Notes On Equivalent Masses

If all the softening reactions were reviewed, it would be observed that the equivalent masses of the hardness "molecules" and their associated ionic species are obtained by dividing the molecular masses by the respective total number of valences of the positive or negative ions of the associated species, irrespective of the coefficients in the reaction. For example, in Equation (10.17), the equivalent mass of the "molecule" MgSO4 is obtained by dividing the molecular mass MgSO4 by 2, the valence of the associated ionic species Mg2+ or SO^-. The equivalent masses of Mg2+ and SO4-would be Mg/2 and SO4/2, respectively. Also, in Equation (10.16), the equivalent mass of Mg(HCO3)2 is obtained by dividing the molecular mass Mg(HCO3)2 by 2, the valence of Mg2+ or the total number of valences of the associated species HCO-; similar calculations will hold for the associated species. The equivalent mass of the hardness and associated species in solution is equal to the molecular mass divided by the total number of valences of the positive or negative ions of the associated ionic species, irrespective of the coefficient.

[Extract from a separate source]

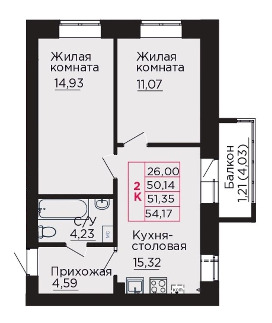2-комнатная — 51,35 м² 3/4 эт. в Вишнёвый сад

The previous findings, however, cannot be generalized to the precipitant species or species other than the hardness and its associated ionic species. For example, in Equation (10.16), if the above findings were applied to the precipitant Ca(OH)2, its equivalent mass would be Ca(OH)2/2; however, this is not correct— the equivalent mass of Ca(OH)2 in this equation is 2Ca(OH)2/2. To conclude, the equivalent mass of a precipitant species or species other than the hardness and its associated species cannot be generalized as molecular mass divided by the total number of valences of the species but must be deduced from the chemical reaction.

For emphasis, we make the following summary: For the hardness ions or associated species, the equivalent mass is obtained by dividing the molecular mass by the total number of valences of the positive or negative charges of the species, irrespective of the coefficient; for all other species, the equivalent mass must be deduced from the balanced chemical reaction.

For convenience, the equations for chemical requirements, solids productions, fractional removals, and effluent quality are summarized in Tables 10.1 to 10.4.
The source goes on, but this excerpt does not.